Falling in love, being emotionally vulnerable and letting down your walls so he could touch the real you takes guts. Obviously, after he has probed and imprinted your heart in ways you never thought were possible, it comes as no surprise how broken that can leave you.
So the feelings are still there, your eyes literally light up when you see him, but that's quickly covered by a cloud of insecurity which is provoked by a million and one questions by your subconscious.
Is he looking at me? Does he remember what we were like? Can he feel what I'm feeling?
Then the next wave of emotions hit and you remember all the reasons why you exited the unhealthy relationship.
So all of that seems normal when having to deal with an aching heart. But the part that kills is when that insecurity is turned into a flaming fire of jealously because he has a new woman to entertain him and his needs.
Right now, all you're doing is sorting out your feelings and trying to get into the right headspace. But then your hit with the news that he has a new boo thang that he's spooning every night. Assuming that he is still in your circle of friends, how are you meant to survive when you see his hand is gripping her thigh? Or when he whispers in her ear and she starts to giggle and you feel like vomiting? Are you supposed to be okay with this? Is it even possible to be civil in those overwhelmingly, complicated moments?
So it's in that exact second, reality hits and you start to crumble beyond belief. All of a sudden you realise you are still in love with him and now you can't have what you desperately want.

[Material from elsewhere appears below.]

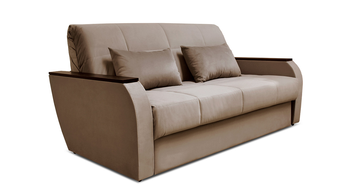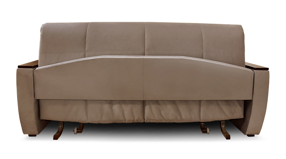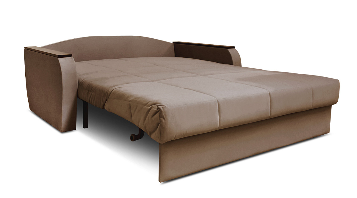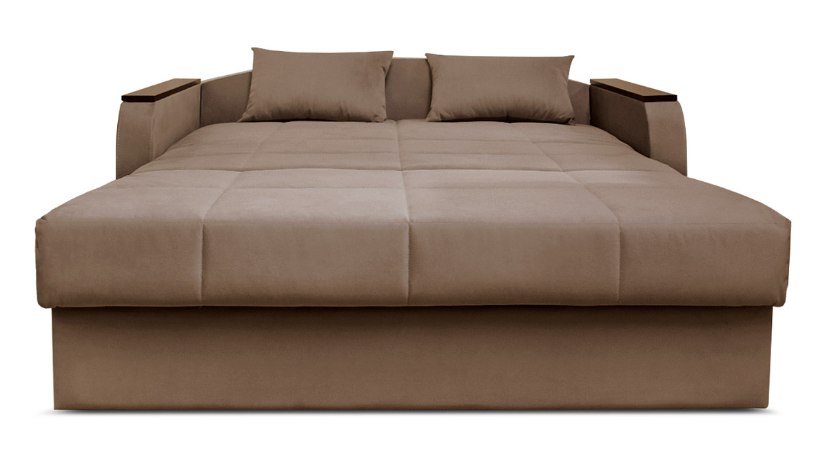 Диван раскладывается в абсолютно ровное, без щелей и стыков, спальное место и его в основном используют как кровать. Чтобы разложить этот диван, достаточно лишь потянуть его на себя, не прикладывая при этом никаких усилий.

So here's 4 things every woman thinks when they see their ex with her.
She's the road block to the one you can't get over
Immediately you start sizing her up and comparing yourself to her. Surely, she can't be giving him what you gave or fulfilling him the way you did. Oh, of course they're in the honeymoon stage right now, but what happens when sh*t gets real. Either way, he's blinded by his new love and that's the road block. Because of her, he can't see you.
Is something wrong with me?
Why is this hurting a lot more than I thought it would? Though you may feel like you are alone on the single island, your new happiness won't be far away. Sometimes it is about exploring to see what's installed for you and your heart.
Do I want the past back?
Just because you're reminiscing on the past and those warm fuzzy feelings fill your stomach, does not mean that you suddenly want the past back. Maybe your questioning your decision and self-loathing seeps in, but seriously, calm down, you're allowed to be human.
How will I forget about you?
You make these promises to yourself: "I will not stalk your Facebook profile. I will fight the urge to text you. I will not get drunk and ruin my night by crying over you. I will throw out that necklace you gave me. I will never listen to our song again and I refuse to eat at our favourite restaurant."
But instead of being so tough on your heart, just be you! Enjoy who you are. The pain means you're alive. Heart breaks are part of the journey and in the meantime, keep working on doing fine without him.
You never know, you might find your new lover soon enough and he might be the one reading this ... Oh, now that's ironic.